この男性は長年、千歳市内で飲食店を営む。新型コロナの影響で売り上げが前年同月比20%以上減少した個人事業主は、業種や休業要請の有無にかかわらず一律30万円を給付する千歳市の独自経済支援「市内事業者緊急給付金」を知り、市に問い合わせたところ、「市外在住者は対象外」との説明を受けたという。
男性は「千歳で商売を始めて18年。食材も酒も千歳市内で仕入れ、お客さんも店の大家さんも千歳の関係者なのに」と地元への貢献を強調し不満をあらわにする。「自分のように市外から千歳市に通って商売している人は少なくない」と指摘。「昔から千歳と恵庭は市民が行き来する一つの経済圏。何とかならないものか」と男性は訴える。
千歳市の経済支援策は事業主が市内に居住し、市内で事業を営むことが支給の要件。個人事業主から2000件の申請を想定する。
千歳市の担当者は「迅速な支給が求められる中での制度設計だった」と説明しつつ、「市内で商売をされている市外居住者の実態は把握できない」と話す。「今回は難しいが、今後、検討する必要がある」との考えを示した。
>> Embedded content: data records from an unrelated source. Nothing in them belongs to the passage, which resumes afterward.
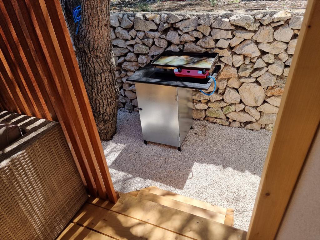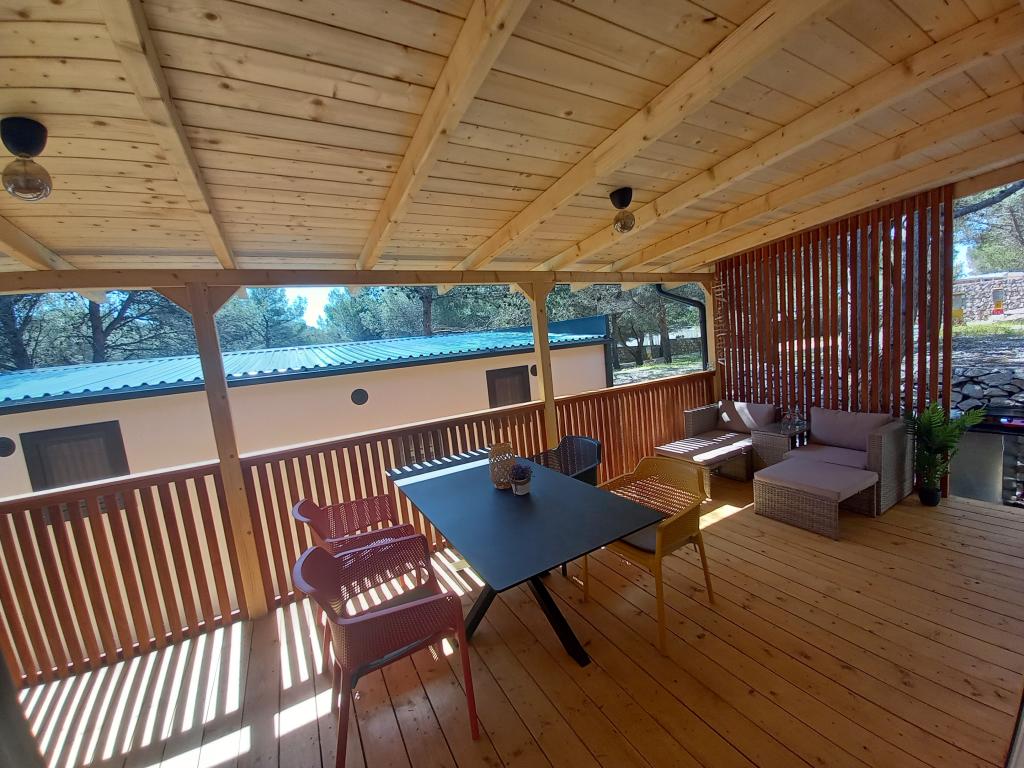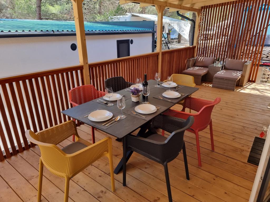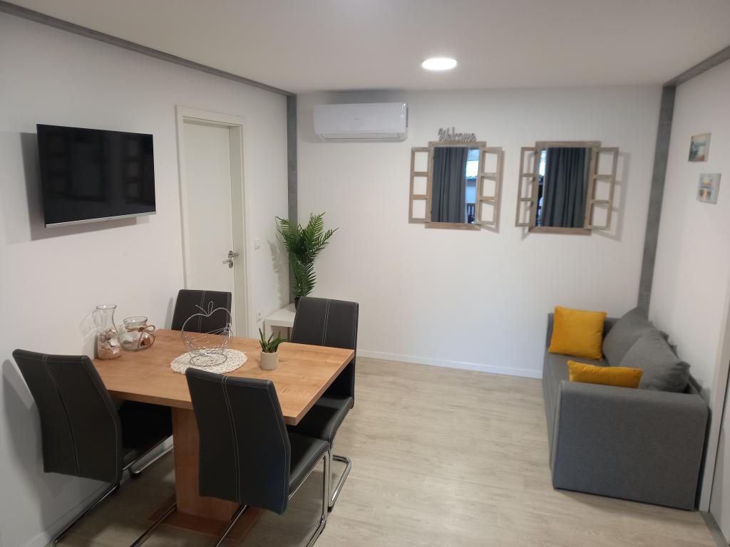 Premium Mobile Home LANA - beliggende i "Oaza Mira" Auto Camp, i byen Drage. Det ligger få skridt fra Porat-stranden og 100 meter fra den private strand i Oaza Mira-lejren. Det omfatter fuldt udstyret køkken, opholdsstue med sovesofa og tv, WiFi, aircondition, køleskab, opvaskemaskine, mikrobølgeovn og kedel samt eget badeværelse med hårtørrer og bruser. Det har en stor udstyret udendørs terrasse med grill. I nærheden er sanitære faciliteter (med vaskemaskiner), butik, café-bar (på stranden), beachvolleybaner, fodbold, minigolf, elforbindelse, legeplads (på stranden og i lejren), en restaurant og udendørs overdækket swimmingpool med havvand.
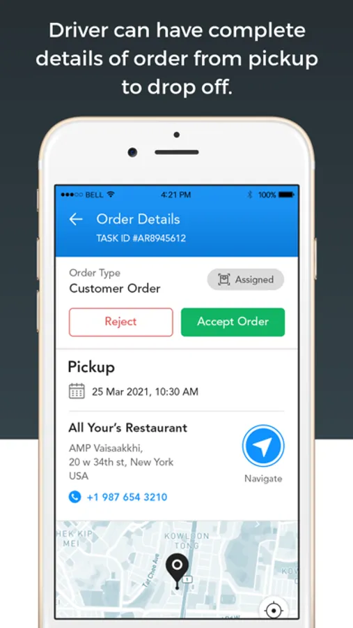 "AllRide Delivery Agent Application is facilitating the agents or drivers from the Delivery Service Provider Company/organization.It will ease their daily work like receiving order, accepting order, delivering order, tracking route from supplier to customer, manage their revenue etc.Also app has feature to update any mishap for any delivery. Agent can decide whether he want to accept the order or not as well as want to go online or stay offline."
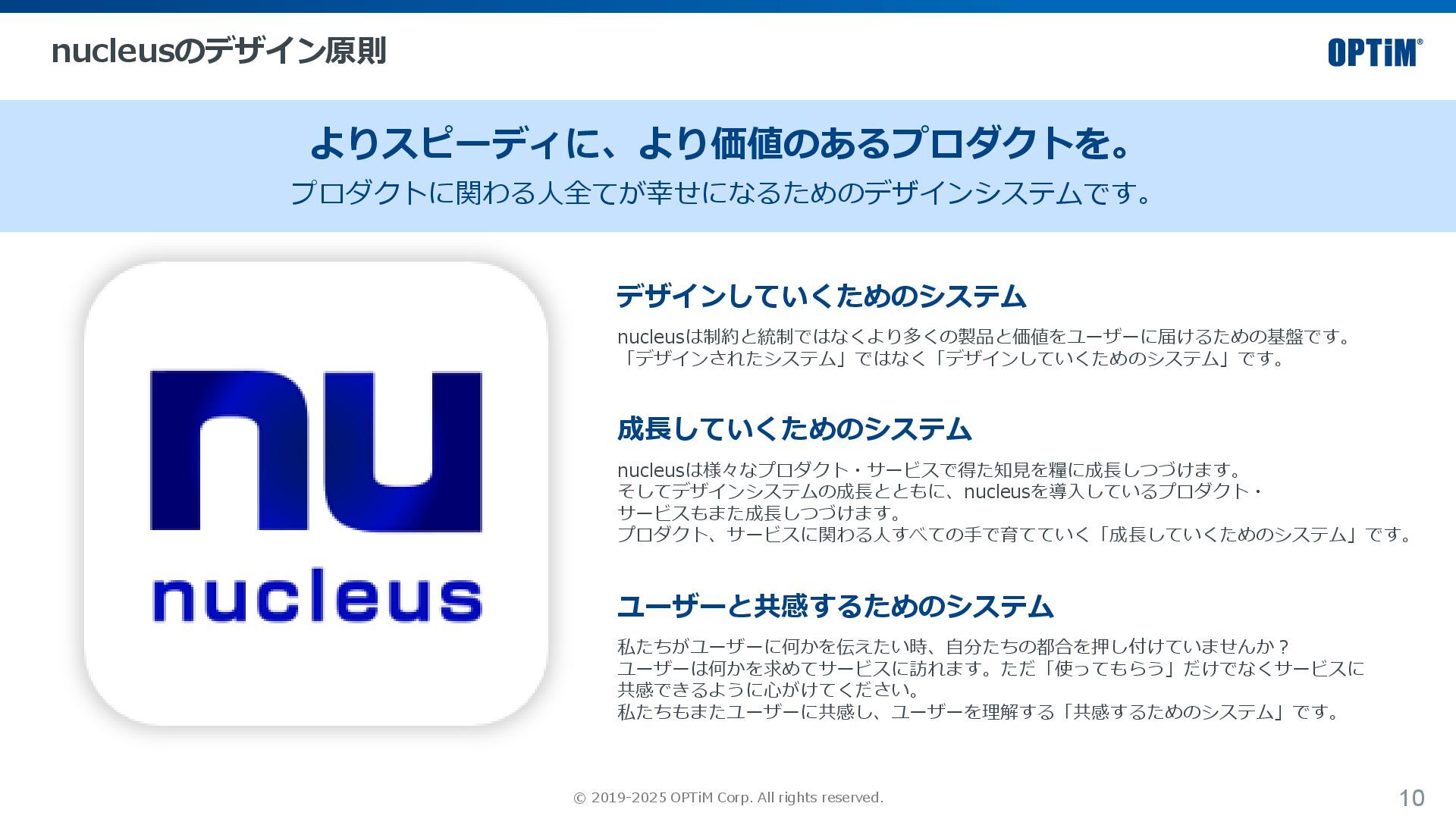 © 2019-2025 OPTiM Corp. All rights reserved. 10 nucleusのデザイン原則 よりスピーディに、より価値のあるプロダクトを。
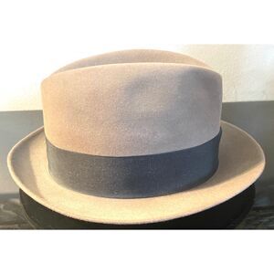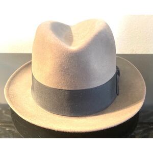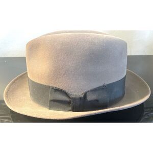 Dobbs Fifth Avenue Vintage Grey Wool with Black Band No Feather Fedora Hat 56/7
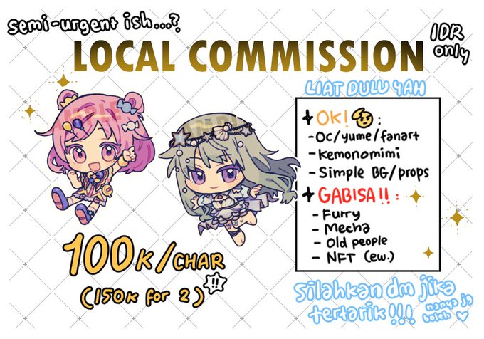 [RTs would be appreciated! 😳💕] HELLO.. I'm opening bust-up chibi commissions for 5 slots! The results will be like a mockup stickers style where you can add your own texts (samples below)! For more details, please check: telor-comms.carrd.co Thank you!
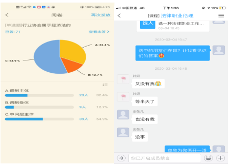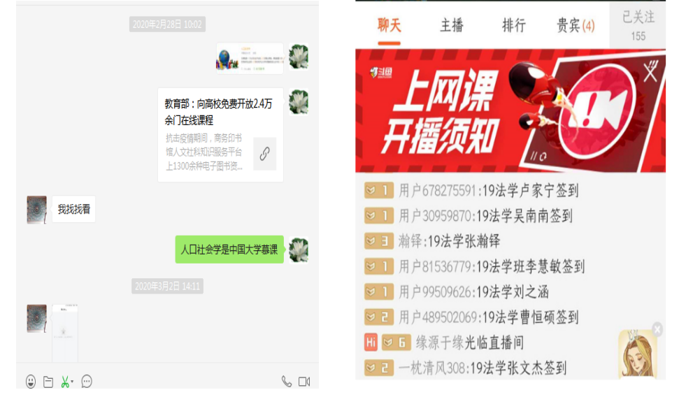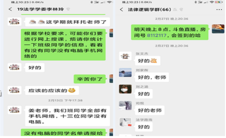 疫情阻断了师生返校的路,但不能阻断学院老师们对教学的热情。大家克服困难,互助帮扶,各寻奇招,积极备战在线教学。根据线上教学的特殊性,学院教师一方面纵向挖掘。通过深度开发网络平台抢答、摇号选人、头像签到、名师讲座等趣味互动模式,消解网上教学非接触互动的弱点,有效的提高了同学们的学习和讨论热情;另一方面横向拓展。通过综合运用超星学习通、钉钉、腾讯会议、斗鱼直播、微信等平台,开展了线上直播教学、速课教学、MOOC教学、微信/QQ讨论教学等形式,有效的保证了不同情况下的教学效果。线上教学老师对老师既是挑战,也是机遇,为老师们充分了解新的教学模式,为将来建设好网络课程和依托网络进行课堂教学创新奠定了基础。
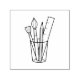 En uppsättning konst och hantverk: två målarpenslar, en penna och en linjal i en glashållare. Perfekt för konstnärer, illustratörer, lärare och hantverkare.
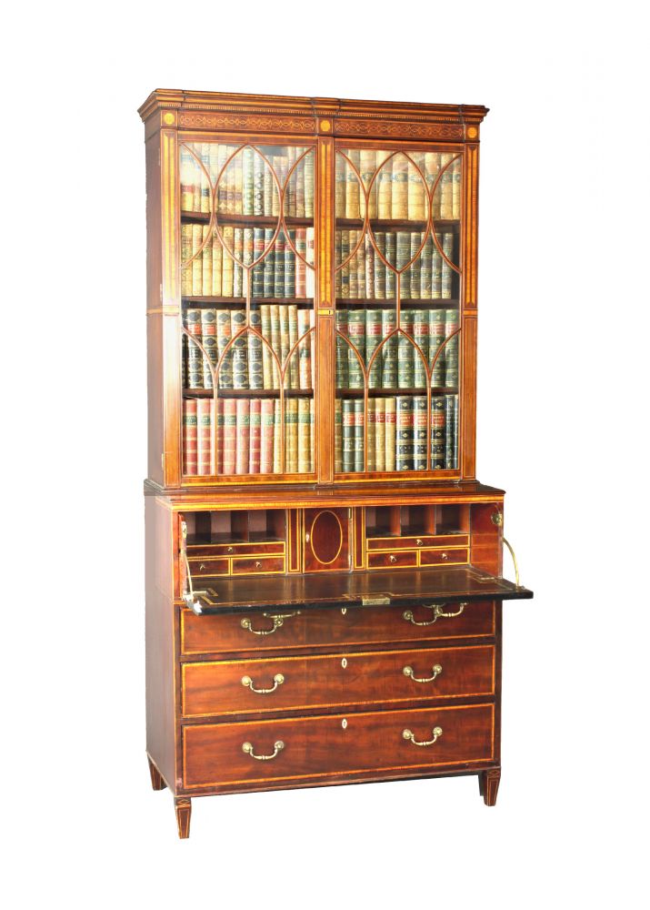 A fine quality George III mahogany secretaire bookcase with extensive inlays in satinwood, purpleheart, boxwood and ebony: a particularly fine interior with an inlaid oval to the door; mahogany lined drawers throughout and the original brass handles
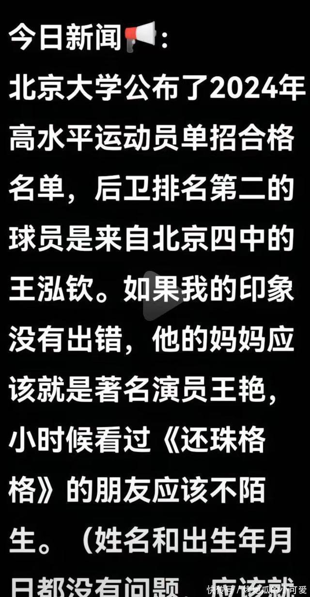 晴格格王艳儿子保送北大:高水平篮球运动员、北京四中太优秀!
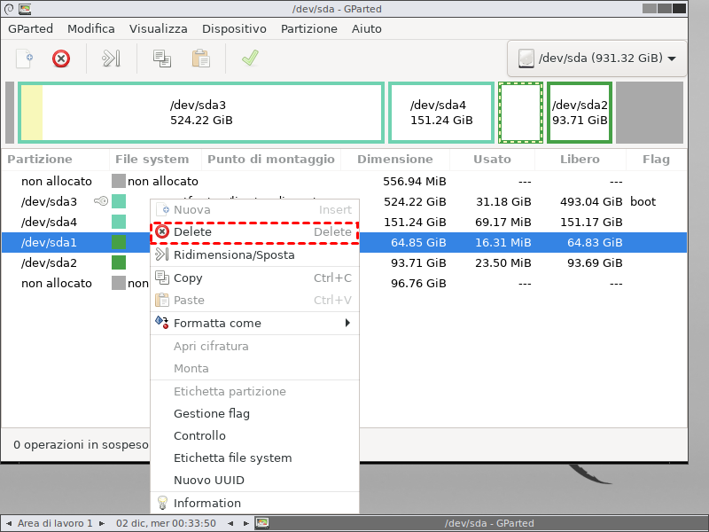 Passo 5. Quindi è necessario eliminare la seguente partizione "/dev/sda1". Fare clic con il pulsante destro del mouse e selezionare "Delete". Prima di ciò, puoi eseguire il backup della partizione per mantenere i dati al sicuro.

恵庭市の新型コロナに対応した独自経済対策「小規模事業者営業緊急支援金」は、売り上げが前年同月に比べ10%以上減少している小規模事業者に一律3万円を支給する。支援の要件は、恵庭市内で事業を営んでいれば、事業主の居住地は問わない。300件の申請を想定しているが、この男性の場合は恵庭市内の支援からも除外されるという。